Die Berufungswerberin und das im Oktober 2006 geborene Kind sind österreichische Staatsbürger. Der Kindesvater, ein türkischer Staatsbürger, lebte im Berufungszeitraum in der Türkei, wo er auch berufstätig war. In Anwesenheit der Berufungswerberin wurden vom Finanzamt durch Einsichtnahme in die Reisepässe am 10.12.2008 folgende Aufenthalte der Berufungswerberin und des Kindes in der Türkei festgehalten: 7.12.2006 bis 13.1.2007, 3.3.2007 bis 11.5.2007, 20.5.2007 bis 1.6.2007, 19.8.2007 bis 17.11.2007, 24.11.2007 bis 10.12.2007 19.1.2008 bis 28.1.2008, 14.2.2008 bis 10.4.2008, 14.4.2008 bis 30.7.2008, 10.8.1008 bis 18.11.2008. Weiters erklärte die Berufungswerberin, dass ab 11.12.2008 wieder ein Aufenthalt in der Türkei geplant sei.
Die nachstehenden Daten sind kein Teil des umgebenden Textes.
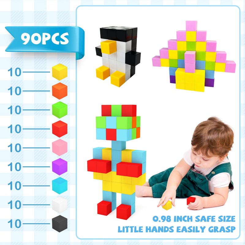 - Advanced Magnetic Cubes: Magnet blocks set includes 90 magnetic blocks in 9 colours and an idea booklet. Children will be captivated by the beautiful colours and light clicking sound of magnetic cubes. Magnetic building cubes allow kids to explore and create endless possibilities from simple structures to complex designs

Daraus ergibt sich, dass sich die Berufungswerberin mit dem Kind 202 Tage im Jahr 2007 und 276 Tage im Jahr 2008 (bis November 2008) beim Kindesvater in der Türkei aufgehalten hat. Somit hielt sich die Berufungswerberin in diesen Jahren überwiegend in der Türkei auf. Auf Grund dieses Sachverhaltes ist daher davon auszugehen, dass sie den Mittelpunkt der Lebensinteressen im Berufungszeitraum in der Türkei hatte, weshalb kein Anspruch auf die Familienbeihilfe und den Kinderabsetzbetrag vorlag. Daran vermögen auch die nachgewiesenen Mutter-Kind-Pass Untersuchungen nichts zu ändern, weil diese jenen oben angeführten Auslandsaufenthalten nicht widersprechen.

Aus den angeführten Gründen war daher wie im Spruch zu entscheiden.